You might think it’s old news to me to run a marathon at this point, but that’s simply not the case. Every race means a regiment of training. Every race is a huge time commitment (because of my well-documented sluggish pace). And every race is an adventure in self-knowledge and world exploration – even when the course is just down the freeway from my house.

Right now, Bill and I are getting ready for a trip to head up to Alaska for the Anchorage’s Humpy’s Classic Marathon. Get this: We had so many frequent flyer miles left after last year that we’re both flying to Alaska for a total of $10! And as usual, we’re making use of local hostels for our lodgings. I’ve never been to Alaska, so I’m very excited (and open to suggestions of what we should do while in Anchorage).

My training for this race has been harder than usual. I’ve had some heel pain. Bill says I’ve got something called Plantar Fascitis, common among runners apparently. I’ve been lucky as a runner so far, suffering nothing but one nasty cramp in my left hamstring in all the years I’ve been running. But this Fascitis thing is disheartening. I ignored it during my 19-mile last week and really activated it. This week I’ve rested and iced my foot, and yesterday my little 4.5 mile run felt good. Very little pain! It was only after going salsa dancing last night that I had a twinge in the upper part of my heel. So, I’m back to icing and resting today.
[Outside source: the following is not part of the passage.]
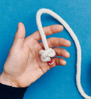 Ein nettes Spielzeug für alle süßen und spielwütigen Katzen. Der Handgriff entsteht mit einem zweisträngigen Wandknoten – einem vielfältig verwendbaren Knoten, den man beispielsweise auch für Schlüsselringe, als Zipperersatz an einem Reißverschluss, für ein Armband oder vielleicht auch als Riemen für die Kamera oder ein Fernglas nutzen kann.

This all goes to show that one of my key running principles (which I violated last week) holds true: LISTEN TO YOUR BODY. You’ve got to strike a balance between pushing yourself and listening to the clues your body gives that you need to rest, stretch, eat, sleep, switch to swimming for a couple of weeks or, sometimes, grind it out. Nothing substitutes for knowing your own limits and the meaning of different kind of pain. If I get the go-ahead from my foot, I’ll be back on the trails tomorrow. If not, look for me on my bicycle. I’m not very good on two wheels, so I’ll be the one wobbling along wearing running shoes.